Foam sclerotherapy can be aided by ultrasound in certain situations prescribed for varicose vein treatment. In most vein clinics, the preferred solution is now polidocanol given its efficacy and safety profile. There is also the FDA-approved Varithena that is ideal for large varicose veins, perforators and neovascularization. Varithena comes in 1% polidocanol pre-packaged, but is unique from physician compounded foam sclerotherapy because it is pre-packaged as a low-nitrogen microfoam that clinically has proven to be safer and more efficacious. It can be used on the upper and lower portions of the leg. However, despite the increased safety profile ,the medication should only be administered by qualified vein doctors near me that understand the mechanism of action and appropriate use criteria.

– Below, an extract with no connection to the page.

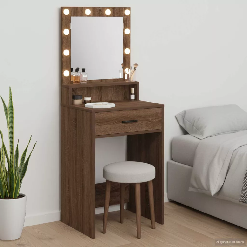 - Integrált világítás: Az asztal LED világítással van felszerelve, így minden sminkelés során tökéletes fényt biztosít. A praktikus nyomógomb egyszerűsíti a használatot, hogy még kényelmesebb legyen az öltözködés.

In general, foam sclerotherapy is administered following direct cannulation of the target vein. With polidocanol, the preferred concentration is 0.5%-1.0% depending on the size of the target vein. With generic polidocanol, the liquid sclerosant is mixed with an air-filled syringe in 3:1 or 4:1 ratios until a foam is created. The injected foam has an immediate action on the vein walls inducing chemical ablation; this process continues for months to years as the vein is slow reabsorbed by the body. It is important to inform patients of the possibilities to feel tenderness or lumpy nodules after treatment that may look worse for a period of time, but will heal with good effect. Follow up is important post procedure as per the protocol and is standardized in most vein centers. The post procedure care after sclerotherapy follow up will include a duplex ultrasound to evaluate vein treatment effect and any complications post sclerotherapy.